This is well thought through and should work. The user home default is nice idea that way nobody is exposed to begin with.

In case if we have a /pub/home/ then the url access will only allow url’s that match http://host:port/pub/home/some.log?

[Toparvion]

@gamefundas Yes. Note that the same path can be specified for remote node (I.e. node://pub/home...) but AnaLog agent will restrict it as well.

[gamefundas]

Actually I wasn't aware of the remote feature, this sounds new. Its already released or work in progress. Couldn't find any documentation on the agent.

[gamefundas]

I see it now https://github.com/Toparvion/analog/wiki/application.yaml and the wiki pages have few examples as well. Missed seeing it for some reason.

Would like to understand this architecture better, are we saying that Analog can be configured to run as a server and applications/nodes can run Analog agent to expose their logs.

The only trouble I see with this approach is maintaining application.yaml. As applications run on ephemeral infrastructure defining or managing a static configuration of nodes is going to be a daunting task. Formulating a URL scheme that translates the path to actual host/target can help move away from the static definition.

An example for remote log fetch would be something like http://analog-server///logpath/

target - localhost, hostname:port, ipv4 address (localhost will serve logs from current host or server) - Default agent port 7801 if not specified protocol - node, composite, docker, k8, etc

Support for something like this, may be in addition to cluster configuration (which makes sense for complex and detailed setup) can help source remote logs without any declarative configurations. Basically this will allow sourcing logs from any Analog agent without any configuration. Just a high level thought.

[Toparvion]

Its already released or work in progress

This is a released feature. It was initially implemented in v0.7 as a part of composite log support. Then, in v0.11 it was exposed as a standalone feature so that from this version on you can refer to logs residing on remote servers by specifying node://<node-name>/<full-path> .

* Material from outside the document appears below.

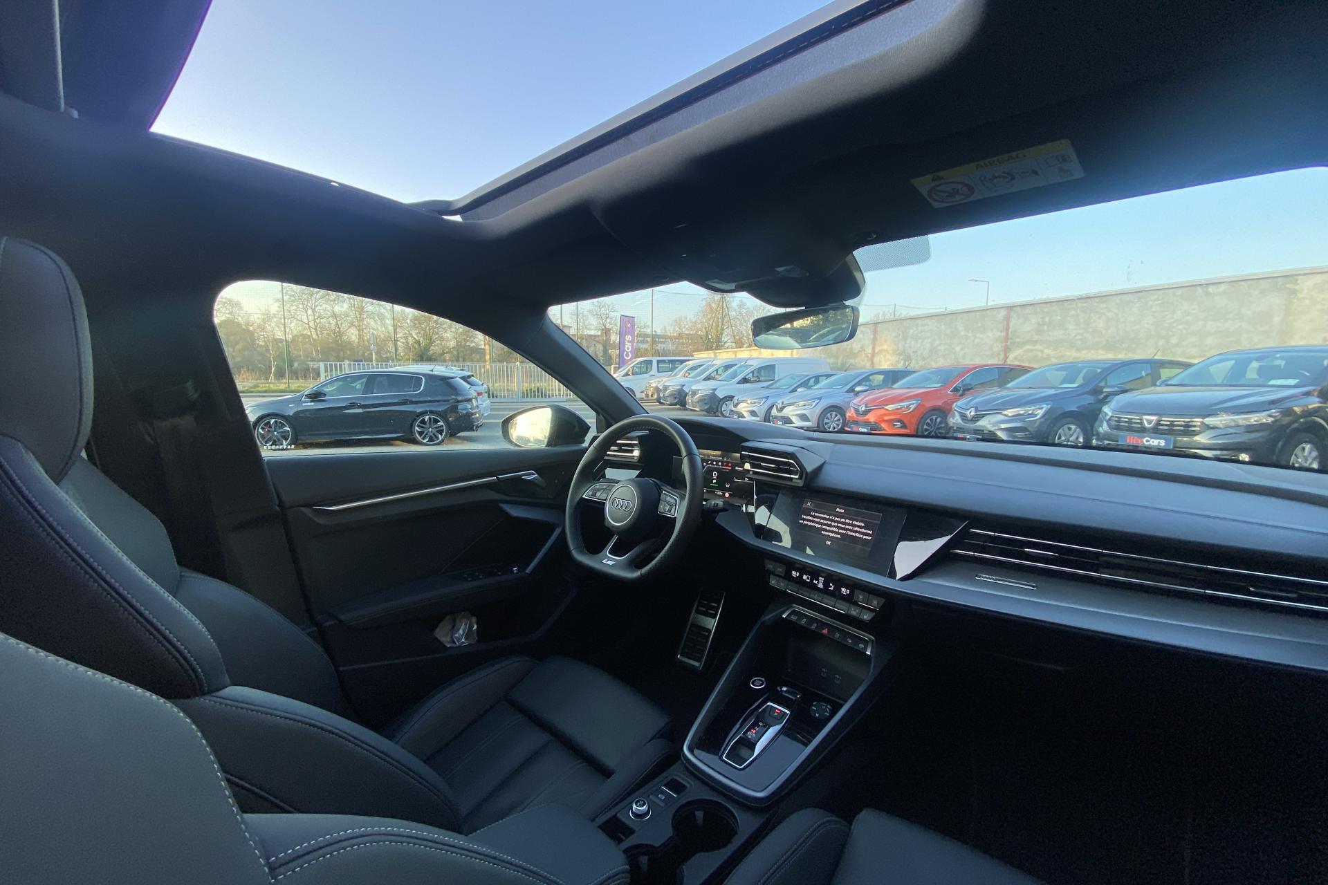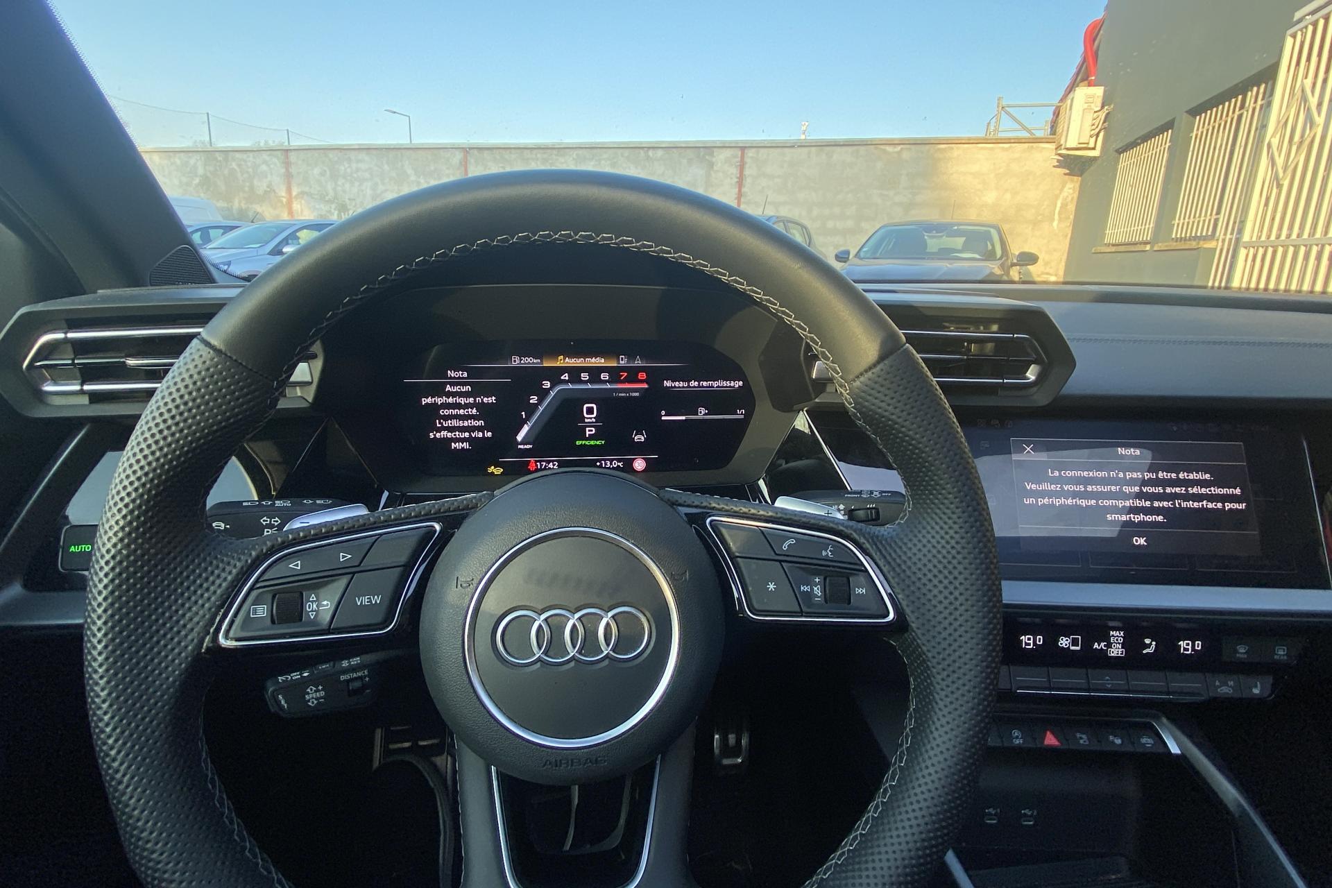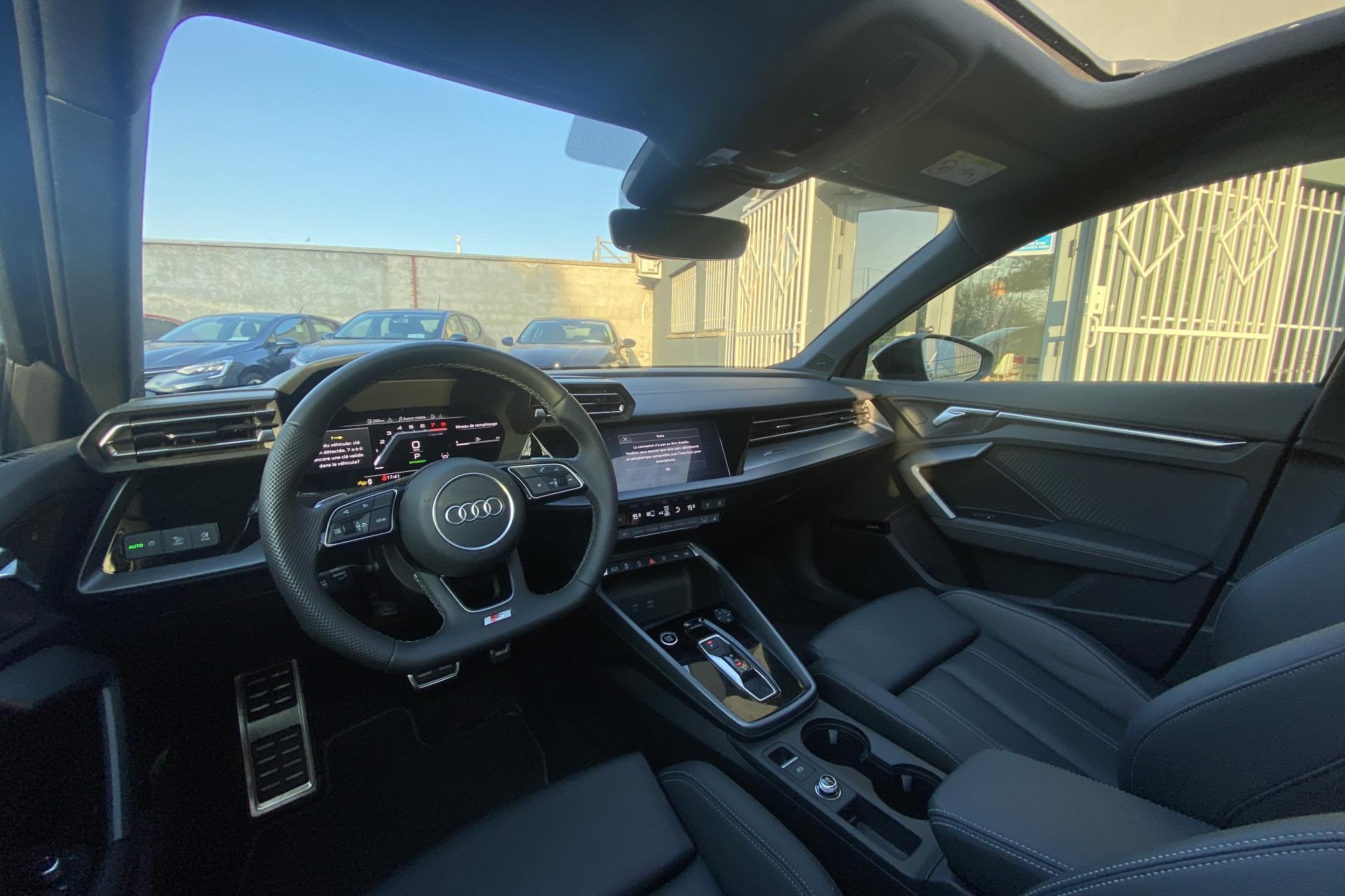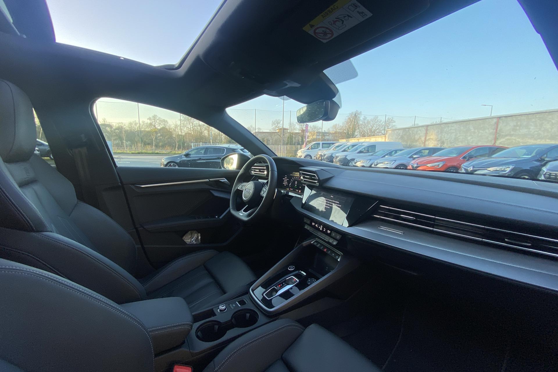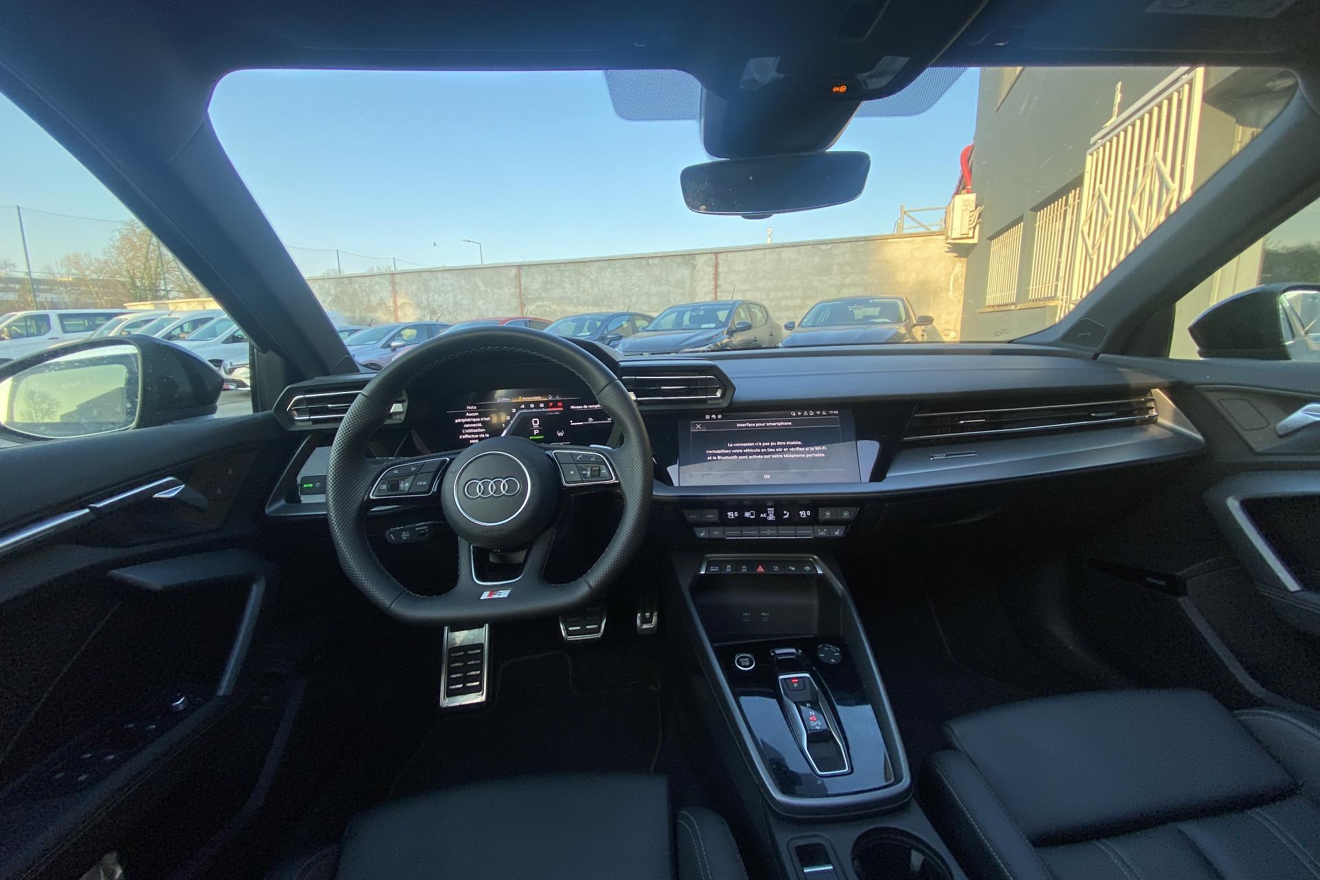 2 ports de charge USB dans le compartiment arrièreAccoudoir central coulissant en longueur, avec inclinaison réglableAirbags latérauxAlerte de sortie de voie avec assistance d'urgenceApplications décoratives en aluminium spectre foncéApplications en aluminium sur la tableau de bordAudi connect Appel d’urgence & ServiceAudi Drive SelectAudi Hold AssistAudi Park AssistAudi phone box lightAudi pre sense frontCâbles de recharge pour téléphone portableCaméra de reculClé confort incluant déverrouillage du coffre par capteurContrôle de pression des pneus ( TPMS )Désactivation de l'airbag du passager avantDétecteur de pluie et allumage automatique des projecteursDétection signalisation panneaux routiers par caméraDirection assistée électromécanique asservie à la vitesseDispositif de limitation de vitesseEcrous antivolHabillage tableau de bord noirI-Size et Top Tether pour les sièges arrière extérieursJantes en alliage léger, 5 branches en Y, Gris Graphite, tournées brillantes, dimension 8,0J x 18 avec pneus 225/40 R18Kit de réparationMMI Radio PlusOutillage de bordPack ConfortPack ConnectivitéPack Eclairage d’ambiance plusPack Extérieur S linePack intérieur S line #1Pare-brise à vitrage acoustiquePeinture vernie Blanc ArkonaPhares à LED avec clignotants dynamiques à l’arrièrePhares à LED avec clignotants dynamiques à l’arrièreRéception radio numérique (DAB)Rétroviseur extérieur passager indexé au passage de la marche arrièreRétroviseurs extérieurs couleur carrosserieRétroviseurs extérieurs réglables électriquement et dégivrantsRappel de ceinture de sécurité avant et arrièreSécurité enfant électriqueSièges avant réglables manuellementSystème d’assistance au maintien dans la voieTapis de sol noirTrousse de secoursVitres arrières surteintées (vitrage privacy)Volant cuir Sport multifonctions plus 3 branches avec méplat et palettes de commande au volant

Couldn't find any documentation on the agent. ... I see it now

You can also look at choices.yaml sample file to find examples of remote logs addresses, e.g.:

- path: node://backupNode/home/upc/node-app.log    # 'backupNode' is the name of node as declared in 'nodes' config section

Would like to understand this architecture better, are we saying that Analog can be configured to run as a server and applications/nodes can run Analog agent to expose their logs.

TL;DR - Yes, that's right (with some notes). In detail, every AnaLog instance can play two 'roles' at the same time. The server role is an entry point for web clients (i.e. browsers). Servers do not actually work with logs, they just delegate the work to agents. An agent role is an entry point for servers. Agents actually work with all types of logs including containerized ones. The main idea behind such an architecture is that a server can query multiple agents thus composing multiple logs into a single so called composite log, while agents know nothing about composite logs, they just handle single watching processes for various types of logs. In fact, AnaLog doesn't need to be configured neither as a server not as an agent because every AnaLog instance can play both roles simultaneously 'out of the box'. Furthermore, even you use single AnaLog instance you actually make the AnaLog server side work with the agent side that deployed in the same instance. The only configuration you might need to specify is a list of nodes i.e. names and addresses of all the AnaLog instances which can be agents for current server.

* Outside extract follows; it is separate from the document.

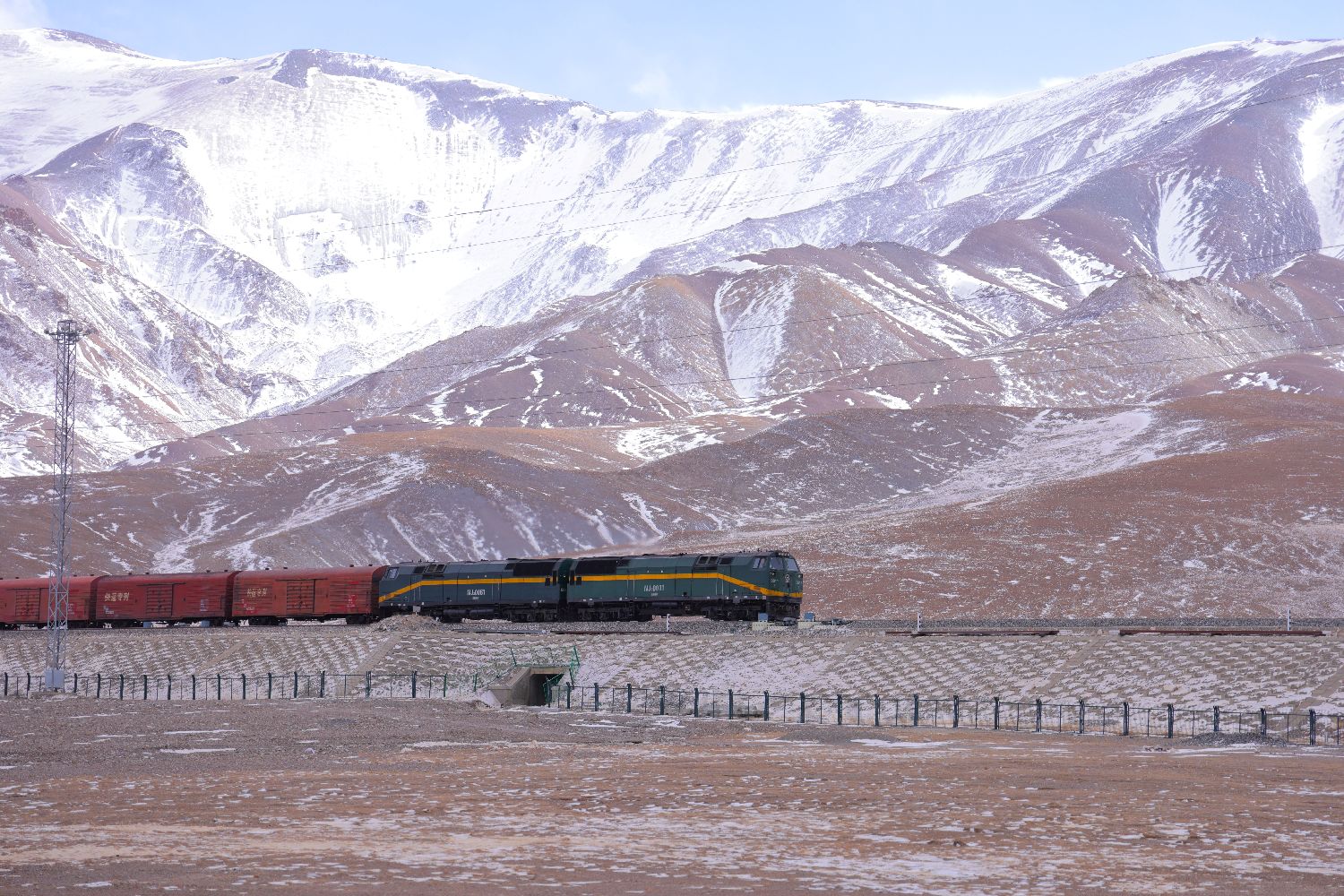 2月12日,一列货运列车行驶在青藏铁路上。(图片来源:中新社)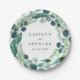 Cette assiette en papier de réception de mariage avec couronne de verdure luxuriante est parfaite pour un mariage élégant dans le jardin. Le design botanique moderne présente de beaux eucalyptus bleus aquarelle et des feuilles vertes. Ces assiettes en papier jetables sont parfaites pour la table de gâteau ou de dessert. Personnalisez-les avec les noms des mariés et la date du mariage.

The only trouble I see with this approach is maintaining application.yaml An example for remote log fetch would be something like...

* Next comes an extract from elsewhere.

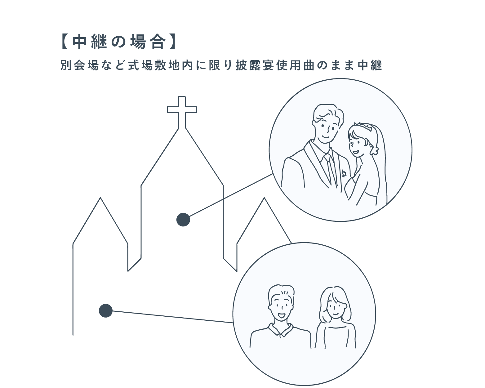 (2)中継の場合- 同式場内の別会場への中継は 披露宴使用曲をそのまま使用することができます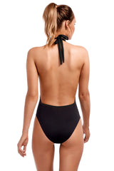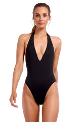A deep plunge, and (ultra sexy) scooped back give this bodysuit 70‰۪s supermodel vibes. With minimal lining, a comfortable two way stretch, a clean finish and sexy silhouette you can wear this bodysuit all day.Style + Substance. Vitamin A's signature Little Black Bikini (LBB). Black EcoLux is a superfine matte jersey with superior stretch, made locally in California from recycled nylon fiber. MADE IN USA 83% Recycled Nylon + 17% Lycra

Yes, that's the problem. The solution you propose looks good but I doubt about its portability because inclusion of actual nodes addresses into AnaLog pseudo URLs (log paths) would make those URLs un-reusable i.e. every time a node changes its address all the URLs become invalid. It may not only disturb end users with periodical 404 error (or something like this) but also would make logs paths unsuitable for storing in browsers bookmarks (which is a quite handy feature now).

That is why I'd like to propose another solution (which is actually already drafted in current versions of AnaLog). Instead of declaring explicit addresses anywhere (be it an URL or application.yaml) we can rely on classic service discovery integration pattern i.e. make the nodes register themselves in a central service registry (like Eureka, Consul, etc) and then refer to the nodes not by their address but by their logical name. In fact what I've implemented now in AnaLog is a first step towards this approach - we already have a notion of node name and use it. The second step should be a change of binding for that name - instead of static address declaration it should be bound to a record in the service registry. Of course it makes AnaLog deployment more complicated in general, but:

• the configuration would allow to choose between service discovery and static node addresses declaration
• many teams working on distributed applications already have service registry in their dev/test environment so there should not be a great deal to let AnaLog register there as well.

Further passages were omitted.